Other key points from the quarter:
• Verizon and AT&T represent growth opportunities. Verizon is in the process of deploying LTE and AT&T has publicly discussed investments in its wireless backhaul network. We believe both are considering the use of microwave Ethernet technology. DragonWave is competing for business with each carrier and we believe stands a good chance to win a share of microwave orders. We would not expect any revenue from either AT&T or Verizon until later on this year.
• Clearwire business should remain strong through September, but visibility beyond that is less certain. Clearwire’s stated goal is to reach 120 million POPS under coverage by the end of C2010. On the conference call, DragonWave management suggested that gives them pretty good visibility to about the end of September. However, activity with Clearwire beyond September will depend on how aggressively the carrier plans to expand coverage beyond those initial 120 million POPS. In our view, this represents risk in the second half of DragonWave’s F2011. The company may need to win business with AT&T or Verizon in order to maintain its current growth trajectory if Clearwire revenues begin to fall off.
• DragonWave is optimistic about opportunities in international markets. In many cases, these are theatres that the company has not competed in, or has underserved, in the past. The company has increased its presence in Mexico and Latin America, and recently won a deal in Cost Rica. Microwave has traditionally been a popular choice for European carriers, and the region could represent a significant opportunity for DragonWave as service providers deploy LTE. DragonWave is also turning more of its focus to India and China for their 3G builds.
• Microwave backhaul makes a strong capex case for suburban coverage. In most North American cities, the downtown core already has significant fiber in the ground, making it the natural choice for backhaul in those areas. We’ve heard comments from AT&T along these lines. However, when you move out to the suburbs, the deployed fiber is less dense. DragonWave management believes that the tipping point for the capex decision to backhaul a base station with either fiber vs. microwave is at a distance of about ½ a mile from a fiber connection. We believe there will be more opportunity for microwave as carriers address their suburban coverage where fiber is less plentiful.

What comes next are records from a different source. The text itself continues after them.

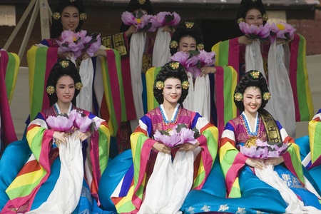 London, UK - August 15, 2009: Korean ethnic dancers perform, Taepyeongmu, dance to wish great peace, in the Korean Festival on August 15, 2009 in London, UK.
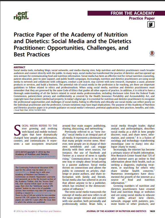 View the The Academy/CDR Code of Ethics for the Profession of Nutrition and Dietetics.
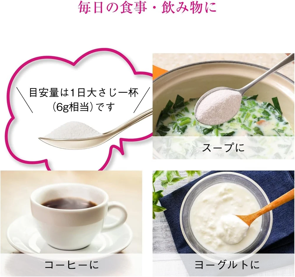 The Collagen Powder Supplement, Health Food, 126g x 5 Description About This Items A great value set of 5 x 126g. For a firmer, firmer skin every day. Contains 5,000mg of low molecular weight fish collagen, patented beauty ingredients derived from super fruits (cranberry + amla fruit), tomato seed extract, cherry blossom extract, hyaluronic acid, vitamin C, and seven other beauty ingredients. Powder type with reduced collagen taste and odor. Add beauty to your daily diet. Dissolve about 6g (just over one tablespoon) once a day in your favorite drink or food, mix well, and consume. Shipping We always send the item with a tracking number. So please place an order without any concern on delivery. You can always track the delivery status. Shipping is only available to the address registered in eBay. If you want us to send another address, please change your address on eBay and then place an order. Shipping is available from Monday to Friday. Weekends are not available because freight (shipping) companies are closed. We do not mark merchandise values below value or mark items as “gifts” – Japan, US and International government regulations prohibit such behavior. About Importer's Obligation Import duties, taxes, and charges are not included in the item price or shipping cost. These charges are the buyer's responsibility. Please check with your country's customs office to determine what these additional costs will be prior to bidding or buying. Thank you for your understanding.
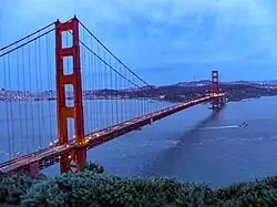 The Marin Headlands are a hilly peninsula at the southernmost end of Marin County, California, United States, located just north of San Francisco across the Golden Gate Bridge, which connects the two counties and peninsulas. The entire area is part of the Golden Gate National Recreation Area. The Headlands are famous for their views of the Bay Area, especially of the Golden Gate Bridge.
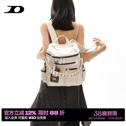 简着/ 原创珠光白银里斯林肯多口袋铆钉大容量单肩双肩包机车背包
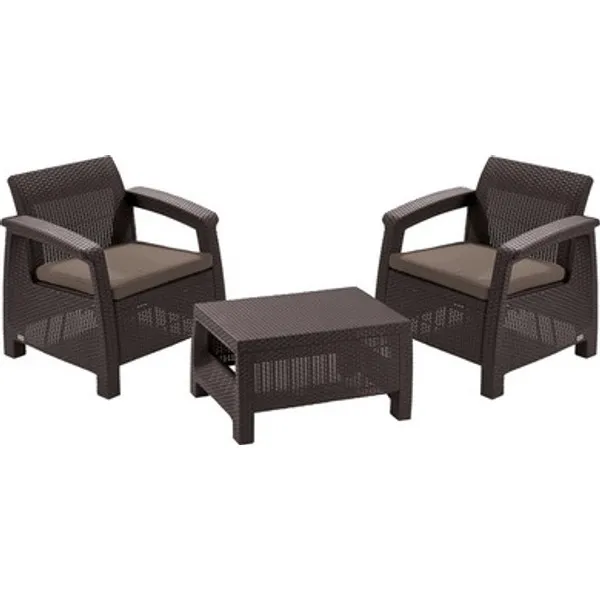 Szépség és elegancia egy szettben. A bútorok formája és a szett optimális mérete lehetővé teszi kisebb kertek és erkélyek berendezését is. A szett egy asztalt és két puha párnával rendelkező fotelt tartalmaz. A termék eleganciája, kényelme és a vonalvezetése garantálja a kellemes pihenést a szabad levegőn. A bútorok további előnye az egyszerű összeszerelhetőség és a könnyű tisztán tartás.
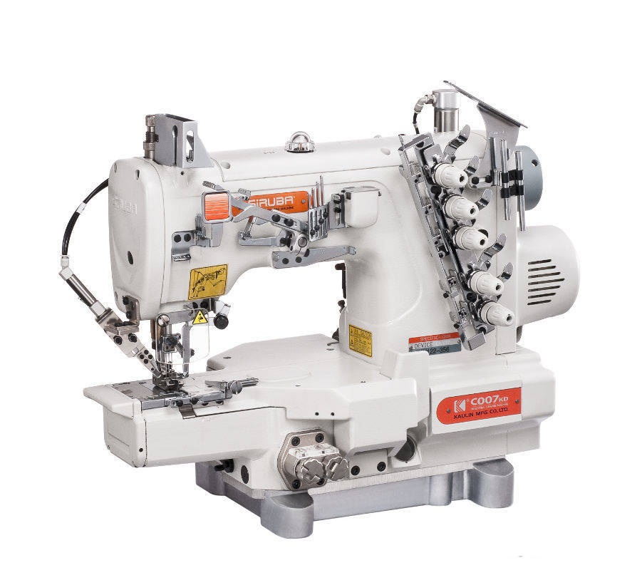 Maszyna posiada automatyczne funkcje: obcinanie nici, pozycjonowanie igieł, podnoszenie stopki. Sterowanie pneumatyczne (wymagane podłączenie do źródła sprężonego powietrza).

• DragonWave’s technology has technical advantages over its peers, in our view. Notably, we believe
that DragonWave has designed its products with higher capacity than competing products and its alloutdoor
solution is very popular. DragonWave is also developing products incorporating real-time compression, which the company hopes to reach commercial availability in its Q1/11.

Outlook
We have increased our estimates. We have increased our revenue estimates on DragonWave’s strong F2010
guidance. We continue to model gross margins of 40%, in-line with the company’s long-term model. Management expects gross margins to normalize towards this level in Q4/10. If margins were to sustain around Q3/10’s level, it could represent upside from our estimates. We have also reduced our tax rate assumptions for F2011, as management believes it has tax shelters for about $60 million. As a result of these changes, we have increased our EPS estimates to
.85 in F2010 (was
.65 previously) and $1.09 in F2011 (was
.72).

Our $18.00 target price is based on a 16-18x multiple of our F2011 EPS estimate. We also maintain a DCF
model to act as a sanity check. We have reduced the P/E range we use to 16-18x from 18-20x due to what we see as the uncertainty of growth once Clearwire completes its initial build-out plans later this year and to adjust for what we believe to be an unsustainably low current tax rate.

Key Risks to Target Price
Key risks to our target price include: 1) Key carrier relationships and customer concentration; 2) Carrier capital spending; 3) Adoption and deployment of 4G wireless technologies; 4) Ability to maintain current product portfolio; 5) Ability to maintain/win share; 6) Pricing environment; 7) Intellectual property disputes; 8) Reliance on manufacturing partners; 9) Value of the Canadian dollar.

Investment Conclusion
DragonWave continues to deliver strong growth through its business with Clearwire. We have increased our target to $18.00 and could see further upside if the company were to win significant new business with AT&T or Verizon.